Tech UPTechnologyThey measure the totality of the information contained in...

They measure the totality of the information contained in the universe

How big should our hard drive be to store all the information in the universe?

Since the beginning of the digital age (around the 1970s), theoretical physicists have speculated on possible relationships between information and the physical universe, with various paradoxes and thought experiments aimed at figuring out how or why information might be. encoded in physical matter.

Taking into account that all substances are composed of information that explains the state of the quantum system (also known as quantum information ) and that genetic information is encoded in our DNA, we can express physical reality with data.

Now, a mathematician and professor at the University of Portsmouth (England), Melvin M. Vopson, has provided in a recent investigation published in the journal AIP Advances, new estimates of the amount of information encoded in all the baryonic matter of the universe ( also known as ordinary matter). The focus of this study is based on information theory.

 

Not an easy answer

According to Vopson, each particle contains 1,509 bits of information and the entire cosmos is approximately 6 × 10 ^ 80, 6 times 10 to the power of 80 bits of information (to put us in the situation, a terabyte is 8,000,000,000,000 bits – 12 zeros-).

This data was obtained by deriving a detailed formula that estimates the total number of particles in the observable universe, known as the Eddington number, and concluding approximately the amount of information stored by each particle about itself using Claude’s information theory. Shannon , which would be 1,509 bits.

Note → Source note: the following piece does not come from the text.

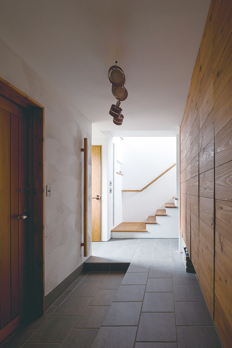 床/北海道産ニレフローリング、壁/珪藻土入塗材、天井/珪藻土入クロス
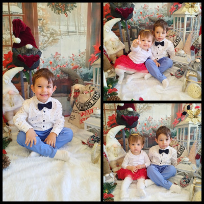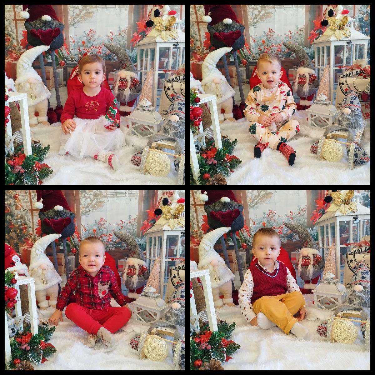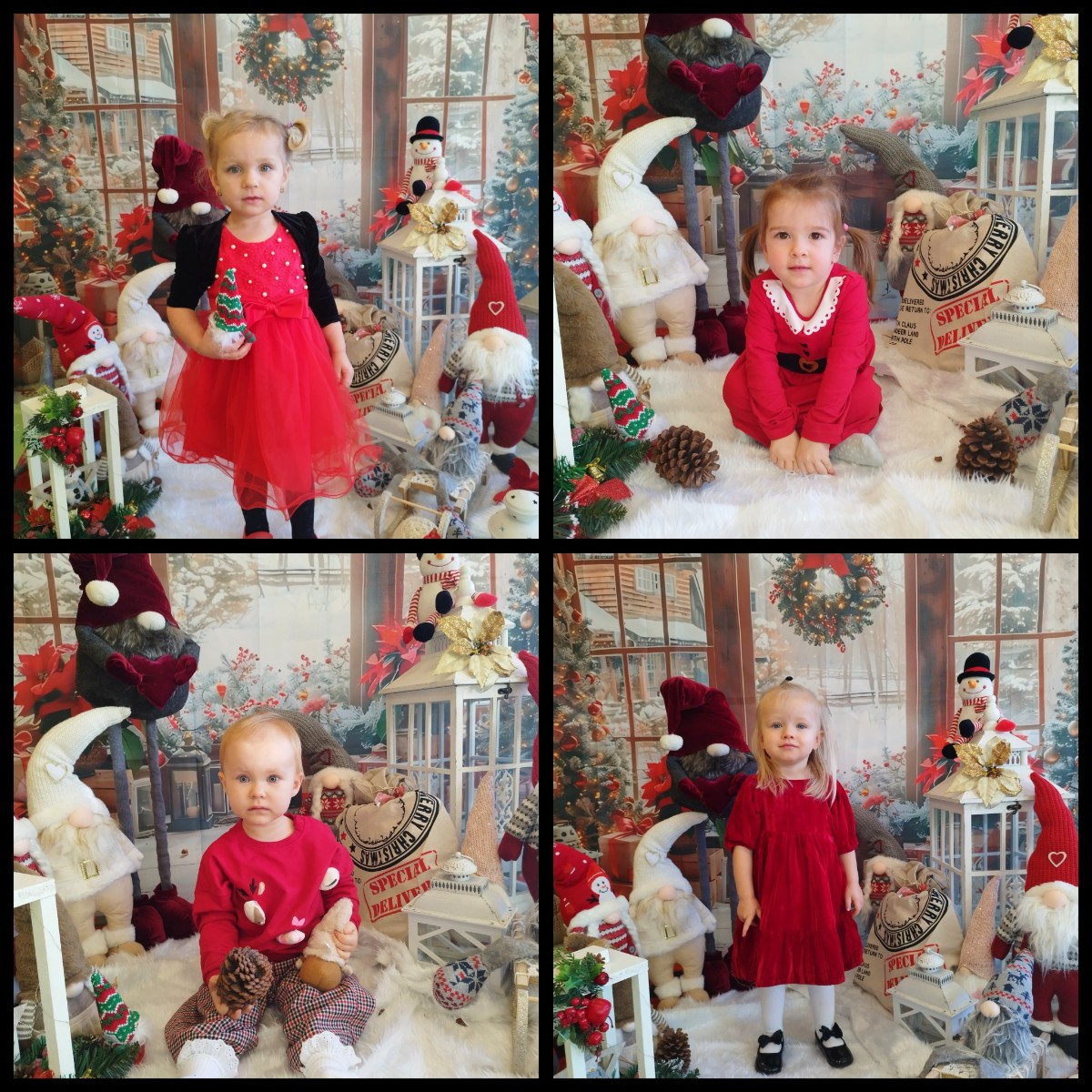 Zdjęcie przedstawia dzieci podczas świątecznej sesji zdjęciowej

“The information capacity of the universe has been a subject of debate for more than half a century,” explains Vopson. “There have been several attempts to estimate the information content of the universe, but in this article, I describe a unique approach that further posits how much information could be compressed into a single elementary particle .”

 

It is very difficult to define what information is, even though it appears in physical equations and plays a crucial role in objects that are on the edge of physics, such as black holes.

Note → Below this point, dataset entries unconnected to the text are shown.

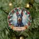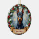 A beautiful, ultra-detailed Christmas ornament design featuring a realistic portrait of the breed centered within a soft, festive winter frame. This elegant design includes pine branches, red berries, and snowflakes against a snowy backdrop, illuminated by warm holiday lighting. The balanced, round composition includes clear space below the dog for customization.
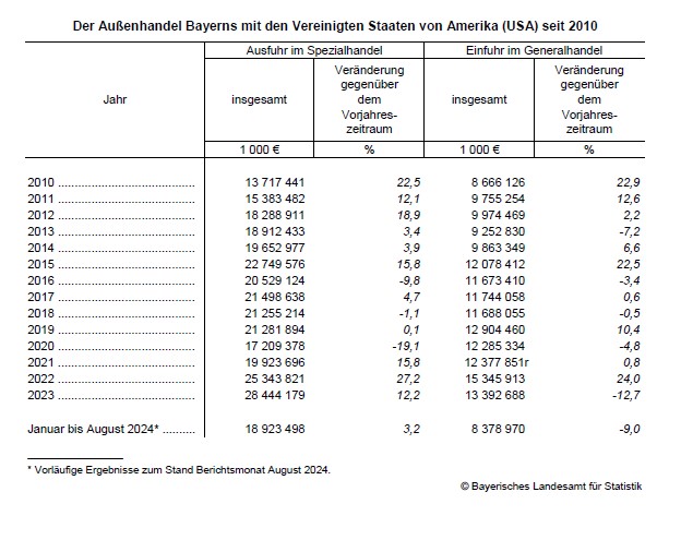 In den ersten acht Monaten 2024¹ steigen die Exporte der bayerischen Wirtschaft in die USA gegenüber dem Vorjahreszeitraum um 3,2 Prozent auf 18,9 Milliarden Euro. Die US-amerikanischen Importe nach Bayern gehen hingegen um 9,0 Prozent auf 8,4 Milliarden Euro zurück. (vgl. hierzu auch die Pressemeldung vom 24.9.24: https://statistik.bayern.de/presse/mitteilungen/2024/pm278/index.html)
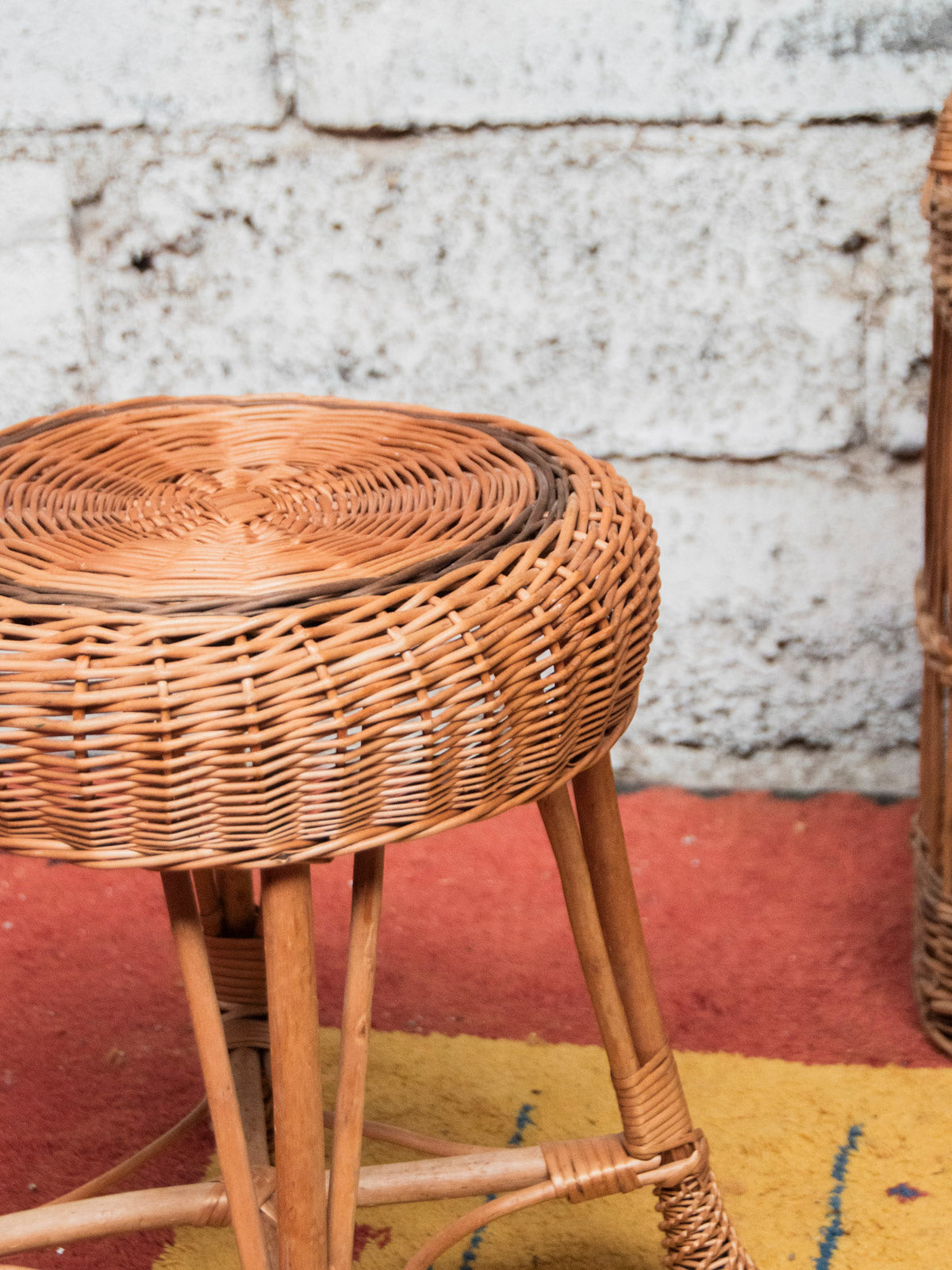 Embrace the natural charm of this wicker stool, where the woven weave complements the wooden frame for a warm and understated elegance. Its seat, edged with a fine border, provides a refined finish, while the delicate sculpted details on the legs highlight subtle craftsmanship. Compact and stable, it's perfect as an extra seat, side table, or vanity stool, adding a touch of authenticity and softness to your home.

“This is the first time this approach has been taken to measure the information content of the universe and it provides a clear numerical prediction,” says Vopson. “Even if it is not entirely accurate, numerical prediction offers a potential avenue for experimental testing.”

These results are based on previous studies by Vopson, who postulated that information is the fifth state of matter (along with solid, liquid, gas, and plasma) and that dark matter itself could be information. They are also consistent with much research conducted in recent years.

Unsurprisingly, this theory presents some problems, such as where to enter antimatter and neutrinos into the equation. However, it offers a very innovative and completely new means of estimating the information content of the universe, from elementary particles to visible matter as a whole.